Estamos en carnavales, acaso el único momento en que la mayoría de la gente es lo que parece y no parece lo que no es; en que se disfraza para mostrar su auténtica faz, la que la hace distinguirse entre el rebaño de normalidad en el que se esconde el resto del año; en que se siente libre de verdad y se atreve a señalar al rey desnudo y a reírse de él.
Sin embargo, el poder vive en un carnaval permanente, cambia de careta y de camisa como la serpiente cambia de piel. La ideología dominante no es el neoliberalismo sino el maquiavelismo, y es transversal, impera en todos los partidos, del color que sean. Su máxima es más que conocida: el fin justifica los medios. Por tanto, para conseguir y conservar el poder vale todo, incluso, por supuesto, incumplir la palabra dada y mentir.
Por eso, según Maquiavelo, el disfraz más idóneo para el príncipe, y para cualquier político que se tercie, es, a un tiempo, el de zorro y león, «porque el león no sabe protegerse de las trampas ni el zorro protegerse de los lobos; hay, pues, que ser zorro para conocer las trampas y león para espantar a los lobos». Así, recomienda el florentino, «un príncipe prudente no debe observar la fe jurada cuando semejante observancia vaya en contra de sus intereses y cuando hayan desaparecido las razones que le hicieron prometer». Y lo justifica en su poca fe en la bondad humana: «Si los hombres fuesen todos buenos, este precepto no sería bueno; pero como son perversos, y no la observarían contigo, tampoco tú debes observarla con ellos. Nunca faltaron a un príncipe razones legítimas para disfrazar la inobservancia. Se podrían citar innumerables ejemplos modernos de tratados de paz y promesas vueltos inútiles por la infidelidad de los príncipes. Que el que mejor ha sabido ser zorro, ese ha triunfado. Pero hay que saber disfrazarse bien y ser hábil en fingir y en disimular. Los hombres son tan simples y de tal manera obedecen a las necesidades del momento, que aquel que engaña encontrará siempre quien se deje engañar».

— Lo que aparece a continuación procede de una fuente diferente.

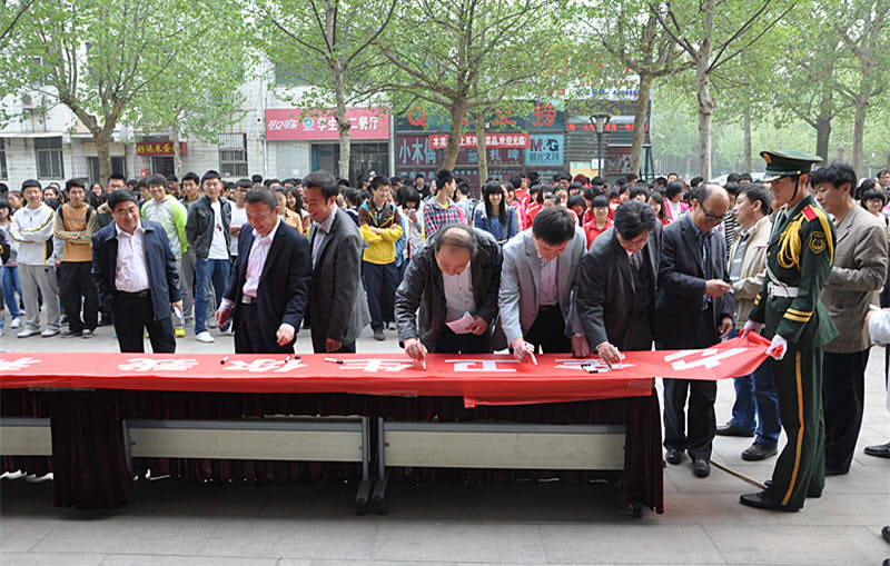 仪式上,领导、老师和同学们纷纷到警示标语上题字、签名,显示出对宿舍“安全卫生活动月”的大力支持和积极参与。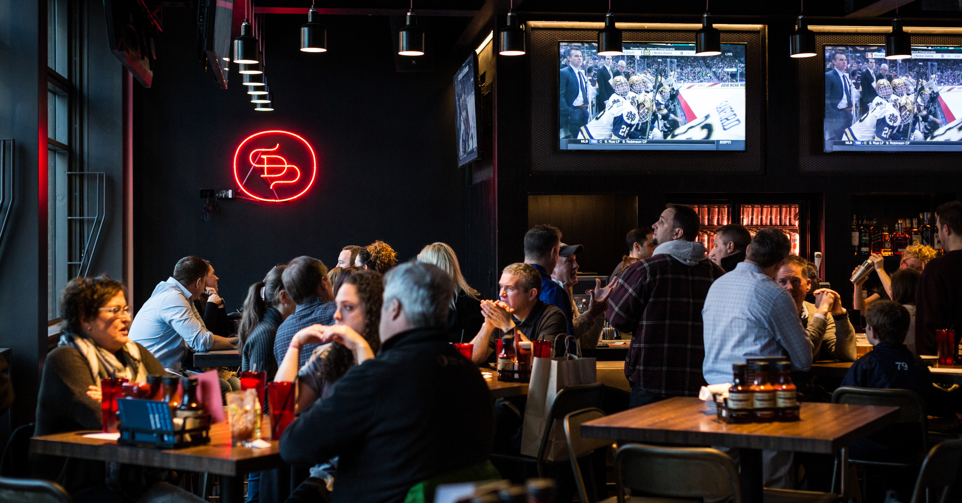 Located directly next door to Wrigley at Gallagher Way, Brickhouse Tavern has four full bars, two outdoor terraces with stadium views, and a solid elevated sports-bar menu. One of the biggest and best-positioned spots for groups before a Cubs game.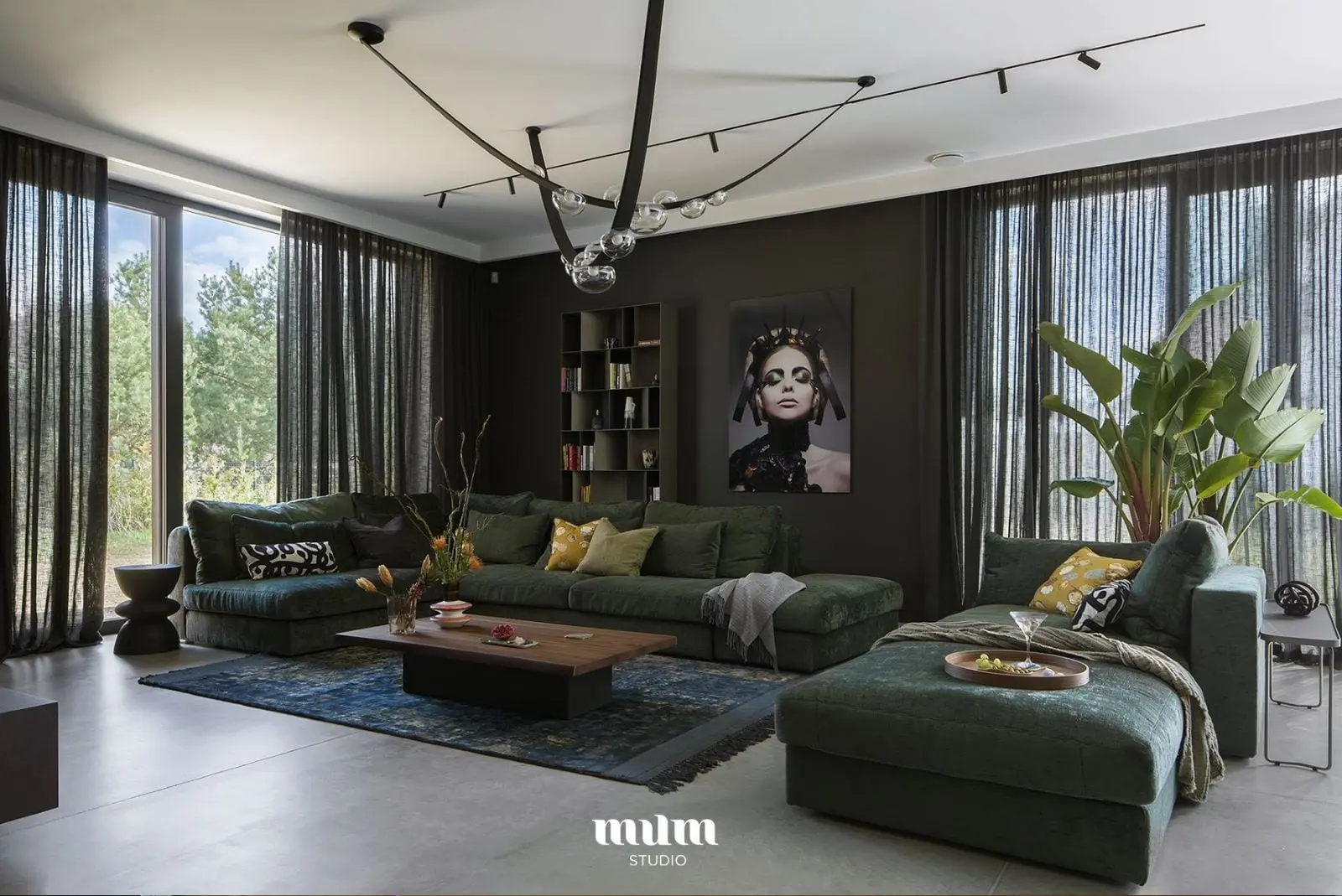 Centralnym elementem w tej przestrzeni jest duży stalowy żyrandol, który przykuwa uwagę i stanowi ważny punkt centralny. Przy odpowiednim doborze oświetlenia żyrandol może dodać przestrzeni elegancji i charakteru. To ciekawe urozmaicenie wśród głównie ciemniejszej kolorystyki.

Bien lo sabe Mariano Rajoy, y he ahí la explicación por la que el PP, con la que ha caído y está cayendo, enfangado de corrupción hasta las cejas, con Cataluña partida en dos y una economía que crece para los de siempre sobre pies de barro, volvería a ganar las elecciones si se celebrasen ahora, según el último barómetro del CIS. Que sí, que Ciudadanos, ese replicante salido de su costilla derecha, le está quitando apoyos, pero no amenaza su hegemonía ni con un sistema electoral más proporcional como el que propone Podemos. Lo mismo vale para Puigdemont y compañía. Me temo que, si se repiten las elecciones catalanas, el independentismo, en todas sus variables, lograría un resultado similar al del 21-D.
Por ende, como recalca Maquiavelo, no es preciso que un príncipe posea todas las virtudes, pero es indispensable que aparente poseerlas. Es más, se atreve a decir que es perjudicial tenerlas y practicarlas siempre; es más útil aparentar tenerlas y estar dispuesto a irse al otro extremo si ello fuera necesario, «porque el vulgo se deja engañar por las apariencias y por el éxito; y en el mundo sólo hay vulgo, ya que las minorías no cuentan sino cuando las mayorías no tienen donde apoyarse». En definitiva, un buen príncipe o político es ante todo un buen actor, con los principios de Groucho Marx y más caras que Lon Chaney, o solo una, pero de palo, como la de Buster Keaton, o de corcho, la más común.